Referring to some of the other messages in this thread, ip_conntrack seems
to be blamed.

Conntrack is registered at the NF_IP_PRE_ROUTING hook and calls ip_defrag
for all skb's it receives. But we don't touch the dev member of the skb
at all...

Or is there something wrong with:

- packet arrives in net/ipv4/ip_input.c:ip_rcv()
- netfilter hook NF_IP_PRE_ROUTING is called
- net/ipv4/netfilter/ip_conntrack_core.c:ip_conntrack_in() is called
- net/ipv4/netfilter/ip_conntrack_core.c:ip_ct_gather_frags() is called
- net/ipv4/ip_input.c:ip_defrag() is called

Isn't the skb->dev member supposed to still point to the receiving
device?


> David S. Miller

--
Live long and prosper
- Harald Welte / [email protected] http://www.gnumonks.org
============================================================================
GCS/E/IT d- s-: a-- C+++ UL++++$ P+++ L++++$ E--- W- N++ o?
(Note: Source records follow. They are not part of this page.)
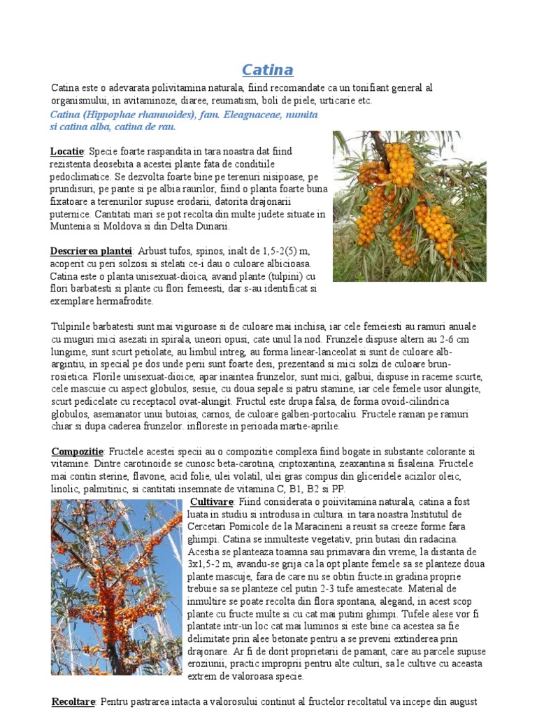 Catina este o adevarata polivitamina naturala, fiind recomandate ca un tonifiant general al organismului, in avitaminoze, diaree, reumatism, boli de piele, urticarie etc. Catina (Hippophae rhamnoides), fam. Eleagnaceae, numita si catina alba, catina de rau. Locatie: Specie foarte raspandita in tara noastra dat fiind rezistenta deosebita a acestei plante fata de conditiile pedoclimatice. Se dezvolta foarte bine pe terenuri nisipoase, pe prundisuri, pe pante si pe albia raurilor, fiind o planta foarte buna fixatoare a terenurilor supuse erodarii, datorita drajonarii puternice. Cantitati mari se pot recolta din multe judete situate in Muntenia si Moldova si din Delta Dunarii. Descrierea plantei: Arbust tufos, spinos, inalt de 1,5-2(5) m, acoperit cu peri solzosi si stelati ce-i dau o culoare albicioasa. Catina este o planta unisexuat-dioica, avand plante (tulpini) cu flori barbatesti si plante cu flori femeesti, dar s-au identificat si exemplare hermafrodite. Tulpinile barbatesti sunt mai viguroase si de culoare mai inchisa, iar cele femeiesti au ramuri anuale cu muguri mici asezati in spirala, uneori opusi, cate unul la nod. Frunzele dispuse altern au 2-6 cm lungime, sunt scurt petiolate, au limbul intreg, au forma linear-lanceolat si sunt de culoare albargintiu, in special pe dos unde perii sunt foarte desi, prezentand si mici solzi de culoare brunrosietica. Florile unisexuat-dioice, apar inaintea frunzelor, sunt mici, galbui, dispuse in raceme scurte, cele mascuie cu aspect globulos, sesiie, cu doua sepale si patru stamine, iar cele femele usor alungite, scurt pedicelate cu receptacol ovat-alungit. Fructul este drupa falsa, de forma ovoid-cilindrica globulos, asemanator unui butoias, carnos, de culoare galben-portocaliu. Fructele raman pe ramuri chiar si dupa caderea frunzelor. infloreste in perioada martie-aprilie. Compozitie: Fructele acestei specii au o compozitie complexa fiind bogate in substante colorante si vitamine. Dintre carotinoide se cunosc beta-carotina, criptoxantina, zeaxantina si fisaleina. Fructele mai contin sterine, flavone, acid folie, ulei volatil, ulei gras compus din gliceridele acizilor oleic, linolic, palmitinic, si cantitati insemnate de vitamina C, B1, B2 si PP. Cultivare: Fiind considerata o poiivitamina naturala, catina a fost luata in studiu si introdusa in cultura. in tara noastra Institutul de Cercetari Pomicole de la Maracineni a reusit sa creeze forme fara ghimpi. Catina se inmulteste vegetativ, prin butasi din radacina. Acestia se planteaza toamna sau primavara din vreme, la distanta de 3x1,5-2 m, avandu-se grija ca la opt plante femele sa se planteze doua plante mascuje, fara de care nu se obtin [Link] gradina proprie trebuie sa se planteze cel putin 2-3 tufe amestecate. Material de inmultire se poate recolta din flora spontana, alegand, in acest scop plante cu fructe multe si cu cat mai putini ghimpi. Tufele alese vor fi plantate intr-un loc cat mai luminos si este bine ca acestea sa fie delimitate prin alee betonate pentru a se preveni extinderea prin drajonare. Ar fi de dorit proprietarii de pamant, care au parcele supuse eroziunii, practic improprii pentru alte culturi, sa le cultive cu aceasta extrem de valoroasa specie. Recoltare: Pentru pastrarea intacta a valorosului continut al fructelor recoltatul va incepe din august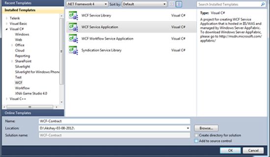 نوع پروژه را NET Framework 4. و گزینه WCF Service Application را از لیست WCF انتخاب می کنیم.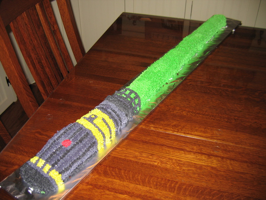 Buttercream covered light saber. I made this by baking the cake in an 8.5x11 cake pan. I cut it into strips, one being slightly thicker than the others, for the handle. I had to do a little carving to get it to taper nicely. I also had to go buy a 1" x 6' board to lay it on. I had my son's toy light saber on the table for inspiration.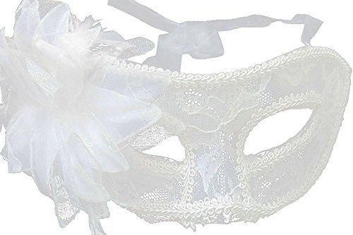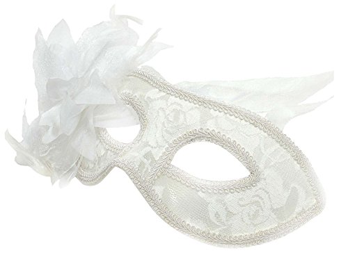 -. Title : Venetian Feathered Sheer Lace Masquerade Costume Party Mask with Flower - Black / White

K- w--- O- M-
V-- PS+ PE-- Y+ PGP++ t++ 5-- !X !R tv-- b+++ DI? !D G+ e* h+ r% y+(*)

2000-12-15 00:59:18

by David Miller

[permalink] [raw]
Subject: Re: Netfilter is broken (was Re: ip_defrag is broken (was: Re: test12 lockups -- need feedback))

Date: Fri, 15 Dec 2000 01:20:00 +0100
From: Harald Welte <[email protected]>

Or is there something wrong with:

- packet arrives in net/ipv4/ip_input.c:ip_rcv()
- netfilter hook NF_IP_PRE_ROUTING is called
- net/ipv4/netfilter/ip_conntrack_core.c:ip_conntrack_in() is called
- net/ipv4/netfilter/ip_conntrack_core.c:ip_ct_gather_frags() is called
- net/ipv4/ip_input.c:ip_defrag() is called

Isn't the skb->dev member supposed to still point to the receiving
device?

No, once you submit the packet to the defrag layer, that SKB
instance is owned by the defrag layer.

One way to do what netfilter wants to do, but legally, is to
simply skb_clone() the SKB before passing it into the
defragmentation code.

I'm still deciding whether this is the best fix.

Later,
David S. Miller
[email protected]

2000-12-15 01:19:30

by Andi Kleen

[permalink] [raw]
Subject: Re: Netfilter is broken (was Re: ip_defrag is broken (was: Re: test12 lockups -- need feedback))

On Thu, Dec 14, 2000 at 04:11:10PM -0800, David S. Miller wrote:
> Date: Fri, 15 Dec 2000 01:20:00 +0100
> From: Harald Welte <[email protected]>
>
> Or is there something wrong with:
>
> - packet arrives in net/ipv4/ip_input.c:ip_rcv()
> - netfilter hook NF_IP_PRE_ROUTING is called
> - net/ipv4/netfilter/ip_conntrack_core.c:ip_conntrack_in() is called
> - net/ipv4/netfilter/ip_conntrack_core.c:ip_ct_gather_frags() is called
> - net/ipv4/ip_input.c:ip_defrag() is called
>
> Isn't the skb->dev member supposed to still point to the receiving
> device?
>
> No, once you submit the packet to the defrag layer, that SKB
> instance is owned by the defrag layer.
>
> One way to do what netfilter wants to do, but legally, is to
> simply skb_clone() the SKB before passing it into the
> defragmentation code.

What should it do with the uncloned, not defragmented copy ?
It makes not much sense to clone it.

Also is it sure that the backtrace involves ip_rcv ? A more likely
guess is that it happens during the IP_LOCAL_OUT hook, when skb->dev
isn't set yet, but conntrack already has to already reassemble fragments.


-Andi

2000-12-15 01:57:34

by Harald Welte

[permalink] [raw]
Subject: Re: Netfilter is broken (was Re: ip_defrag is broken (was: Re: test12 lockups -- need feedback))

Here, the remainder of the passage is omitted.